Writer: Titas Halder
Director: Annie Kershaw
Genesis Future Director’s Award winner Annie Kershaw takes the reins of Titas Halder’s latest play, Foal, and delivers magnificently. Halder’s first play, Run the Beast Down, also debuted at Finborough Theatre and received five stars from us. Rising star Halder proves once again he is a name to be reckoned with. In fact, this play might cement his status as a star already risen and firmly established in London theatre.
Foul follows A.K. as he takes us through his childhood in the UK, growing up with Indian parents in an increasingly hostile Britain, dealing with racism, teenage angst, and crushing pressure from his family. The production starts with schoolyard bullying and young love interests, and ends in a crescendo of violence and masculine validation. A man in his 30s recounts his life in a play that is painfully relatable to anyone who grew up in the UK in the wake of 9/11. The play is set largely in the noughties, and references the decade frequently, the good and the bad; Walkmans and Nokia bricks over iPhones, the BNP over the EDL. This play is universally applicable regardless of your nationality or political view, written fantastically and performed to perfection.

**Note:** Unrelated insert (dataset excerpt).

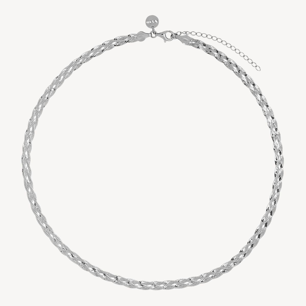 The exquisite NAJO Radiance Necklace is an unadulterated tribute to luminosity, meticulously crafted to enhance your beauty. It is lovingly handmade and perfected in Italy by a family-run workshop that has been a cherished part of the NAJO family for over two decades. Skilled artisans fashion the necklace by intertwining four strands of herringbone chains, resulting in an elegant woven design. The chains exude a sparkling radiance, courtesy of the precise diamond-cut faceting applied to each and every link.

Amar Chadha-Patel takes the only role as A.K., and is spectacular. Chadha-Patel came to acting relatively late, segueing over from a successful career as a director. After appearing on screen in several big titles, including Netflix’s Decameron and Disney+’s Willow, he has come to Finborough Theatre for his professional stage debut. Being the sole performer is no easy feat; every slip and mistake is noticed, but Chadha-Patel comes out with flying colours, giving off the natural confidence and charisma of a Mark Strong, or maybe even a Fassbender.
Despite the play just being one long monologue, it keeps the pace and keeps the audience enthralled, and Cara Evans’s set and costume design is tasteful and minimal; there is as much as there needs to be. The relationship between A.K. and his mother is a continuous, if heartbreaking, thread to the narrative, and the production largely deals with male-female and white-black relationships. However, for a play exploring the dangers of growing up in a hate-filled, xenophobic, masculine-dominated society, it certainly ends with all the gusto of a Steven Seagal movie. Karate chopping, revenge-thriller ending aside, it remains realistic and relatable throughout.
Foal dives into serious, thought-provoking contemporary topics and delivers tremendously; the audience is brought back in time and made to see what growing up Asian British was like during the height of the BNP, in parallel with incidents like the killing of Jean Charles de Menezes. Powerful, painful and fantastically current. With Louis Theroux’s Manosphere on everyone’s TVs, Tommy Robinson finding support in the hundreds of thousands, and Reform picking up votes across the country, now seems like the perfect time for a British Indian, or British Sikh Punjabi, in Chadha-Patel’s case, to be discussing racism, nationality, violence, and what it means to be a man.
The Royal Court Young Writer graduate ends his play with a Whitman, or perhaps a Mahler, reference, and is met with immediate applause. There is an old saying that if a play doesn’t have an interval, it’s because they knew the audience would leave if there was one. That is thankfully not the case with this exceptional piece of theatre, which runs straight through for about 90 minutes.